- _Exercise goal_
Starting at the first line of the material below and stopping after the line that includes "Performance Bias (Blinding", write the lines out again exactly. Drop any pictures.

[Data below — start]

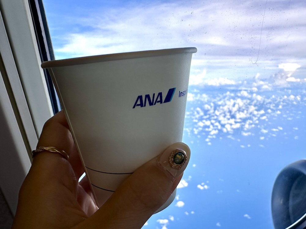 帰りは飛行が安定していたので、コンソメスープ飲めました。
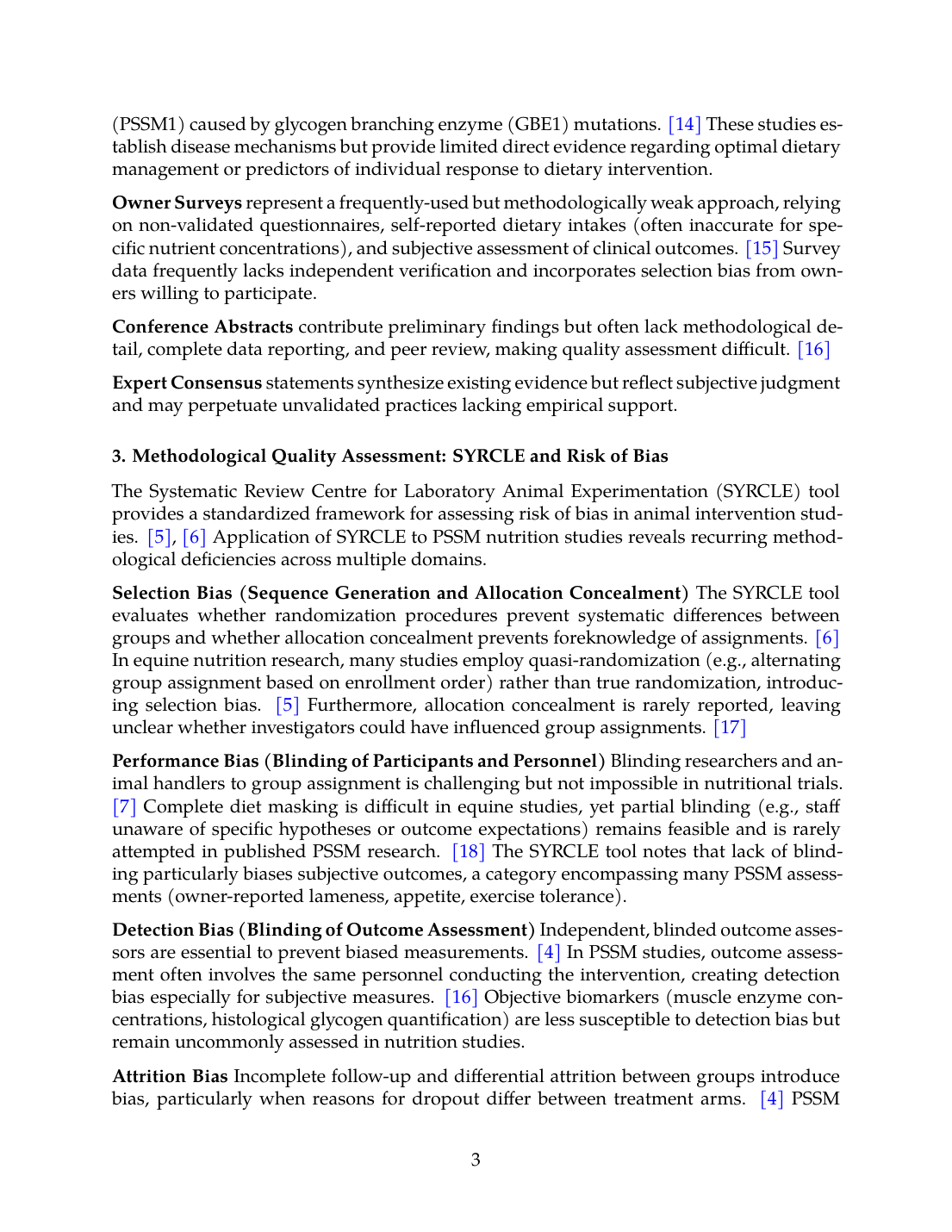 Performance Bias (Blinding of Participants and Personnel) Blinding researchers and animal handlers to group assignment is challenging but not impossible in nutritional trials. [7] Complete diet masking is difficult in equine studies, yet partial blinding (e.g., staff unaware of specific hypotheses or outcome expectations) remains feasible and is rarely attempted in published PSSM research. [18] The SYRCLE tool notes that lack of blinding particularly biases subjective outcomes, a category encompassing many PSSM assessments (owner-reported lameness, appetite, exercise tolerance).
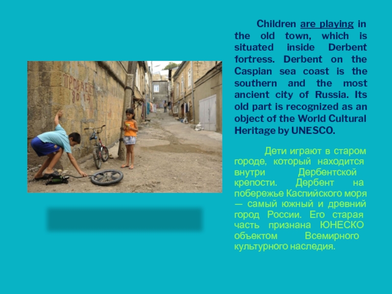 Дети играют в старом городе, который находится внутри Дербентской крепости. Дербент на побережье Каспийского моря — самый южный и древний город России. Его старая часть признана ЮНЕСКО объектом Всемирного культурного наследия.
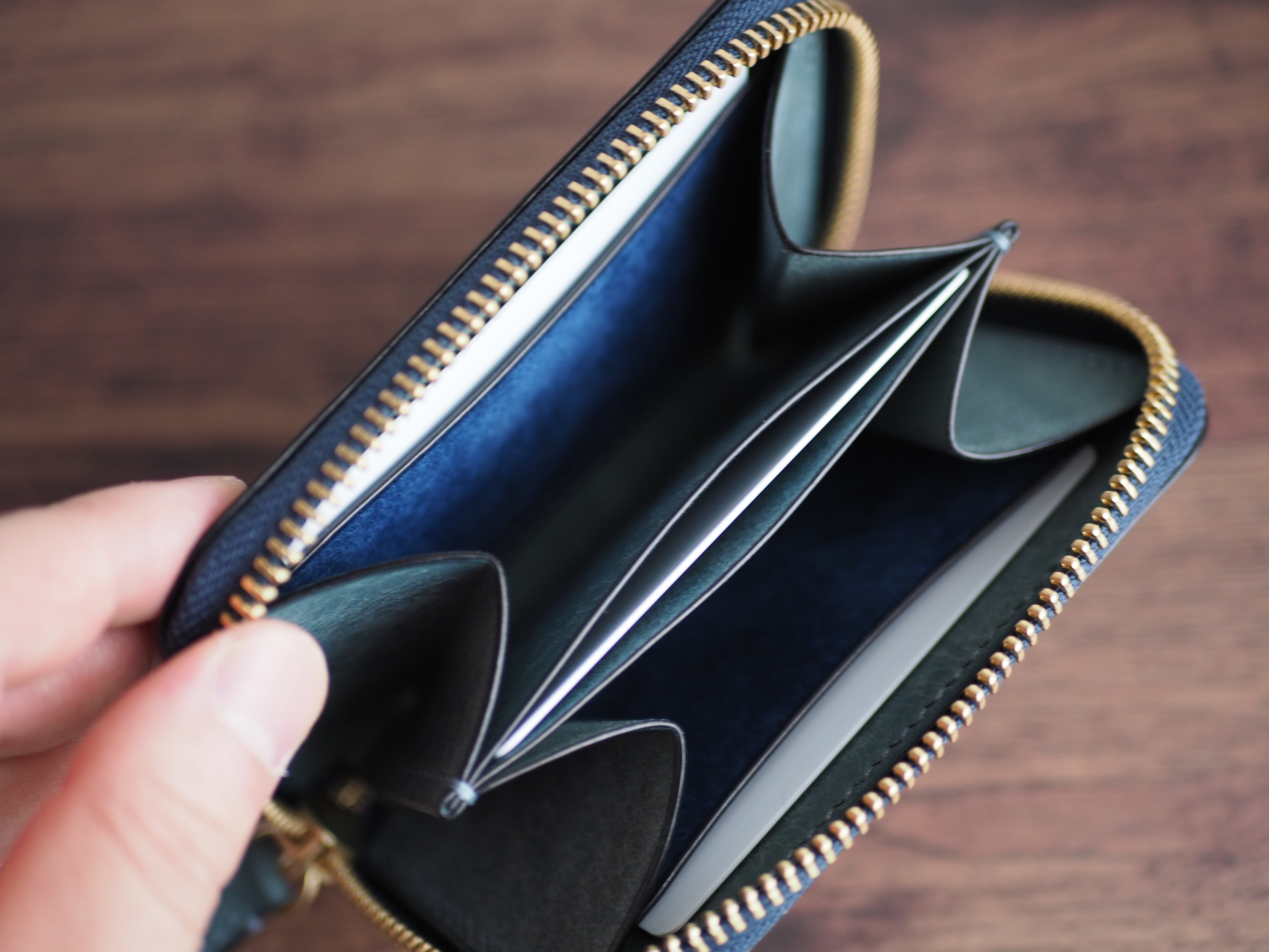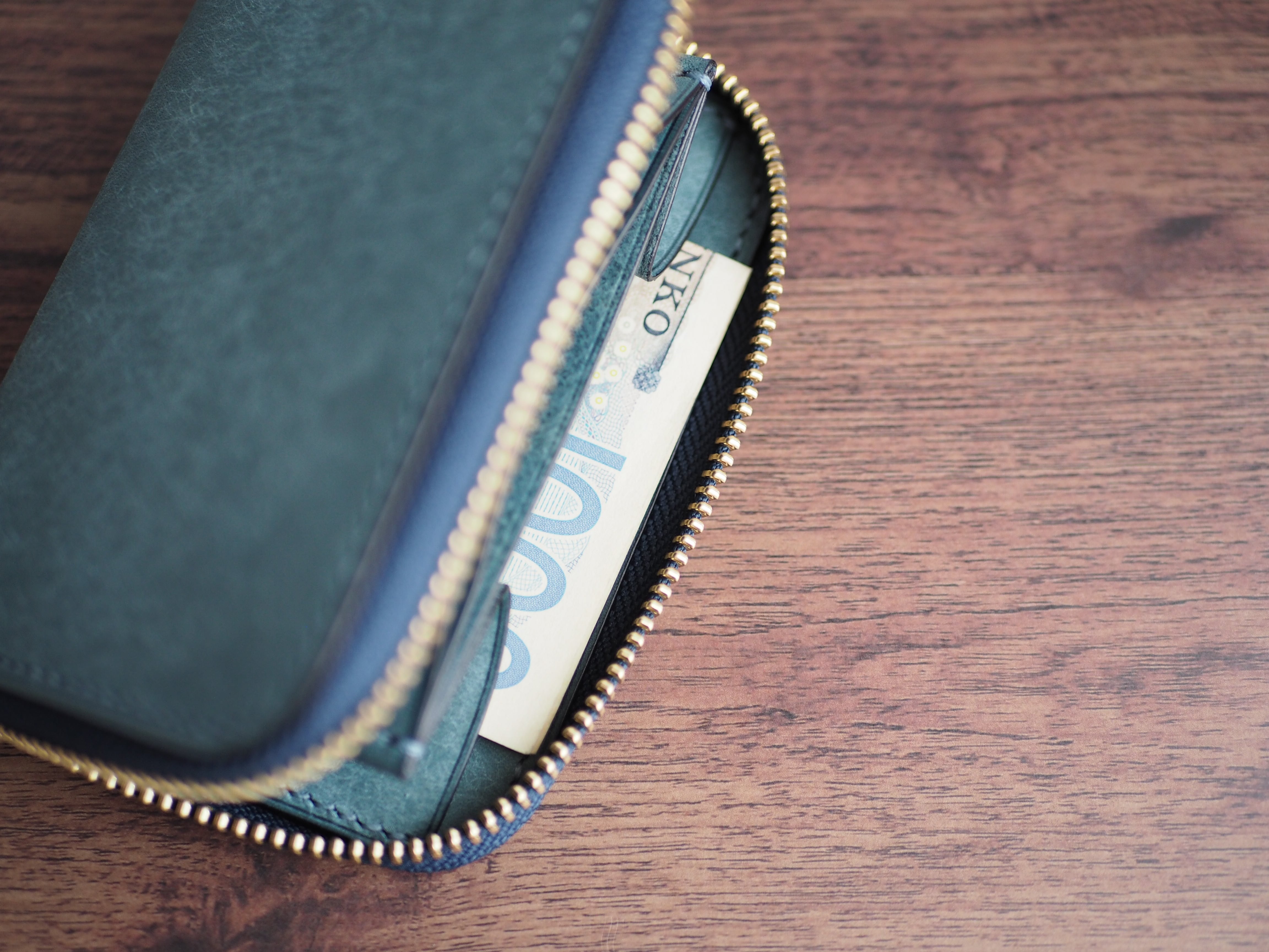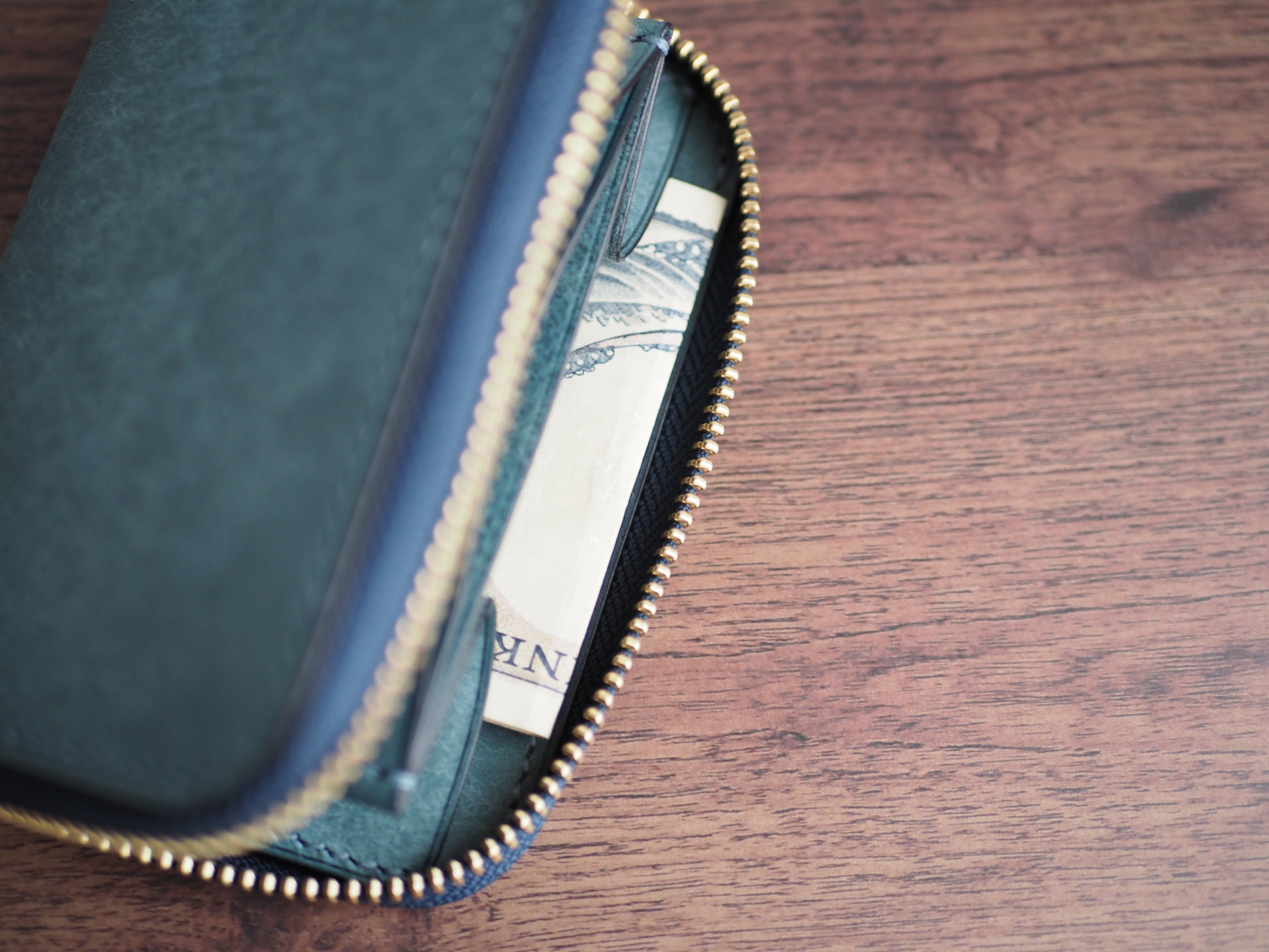 お札の収納: 基本は三つ折りで収納となります。二つ折りにした場合は、数枚程度ならば収納可能です(入れすぎるとファスナー開閉時に金具に干渉する可能性がございます)。

[Data below — finish]

- _Response to the task_
 帰りは飛行が安定していたので、コンソメスープ飲めました。
 Performance Bias (Blinding of Participants and Personnel) Blinding researchers and animal handlers to group assignment is challenging but not impossible in nutritional trials. [7] Complete diet masking is difficult in equine studies, yet partial blinding (e.g., staff unaware of specific hypotheses or outcome expectations) remains feasible and is rarely attempted in published PSSM research. [18] The SYRCLE tool notes that lack of blinding particularly biases subjective outcomes, a category encompassing many PSSM assessments (owner-reported lameness, appetite, exercise tolerance).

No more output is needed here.